Jika kita dekati dari sisi sebelahnya, nilainya juga mendekati 2.
x | (x^2 − 1)/ (x − 1) |
---|---|
1.5 | 2.50000 |
1.1 | 2.10000 |
1.01 | 2.01000 |
1.001 | 2.00100 |
1.0001 | 2.00010 |
1.00001 | 2.00001 |
… | … |
Sekarang kita mempunyai 2 kondisi: Saat x=1 kita tidak tahu jawabannya (indeterminate) Tapi dapat dilihat bahwa nilainya mendekati 2
Saat kita akan menjawab 2 tidak bisa, jadi dalam matematika disebut limit, yaitu Limit fungsi f(x) mendekati 1. Sehingga dapat ditulis menjadi:
lim(x→1)=〖(x^2-1)/(x-1)〗=lim(x→1)〖((x-1)(x+1))/(x-1)〗=lim(x→1) (x+1)=2
Jadi itu adalah cara khusus untuk mengatakan, "mengabaikan apa yang terjadi ketika kita sampai di sana, tetapi ketika kita semakin dekat dan semakin dekat jawabannya semakin dekat ke 2".
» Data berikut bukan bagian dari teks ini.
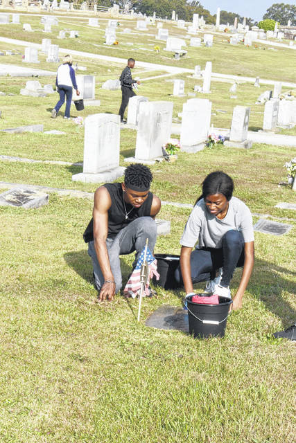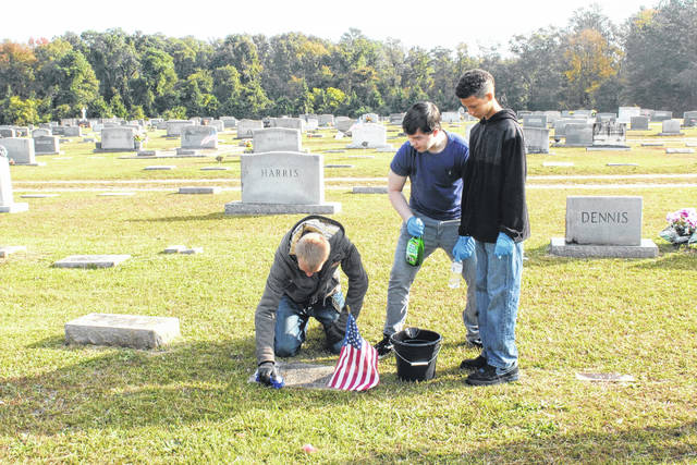 NEWBERRY — The Newberry High School Junior Reserve Officers’ Training Corps (JROTC) set out to Rosemont Cemetery last Saturday to clean the headstones of veterans, and a few non-veterans, as part of their community service project.

Jadi, sebenarnya, kita tidak bisa mengatakan apa nilai di x = 1. Tetapi kita dapat mengatakan bahwa ketika kita mendekati 1, batasnya adalah 2.
Referensi
Firdaus, 2015. Konsep Al-Rububiyah (Ketuhanan) dalam Alquran. Jurnal Diskursus Islam Volume 3 Nomor 1, Tahun 2015, Hal: 102-118.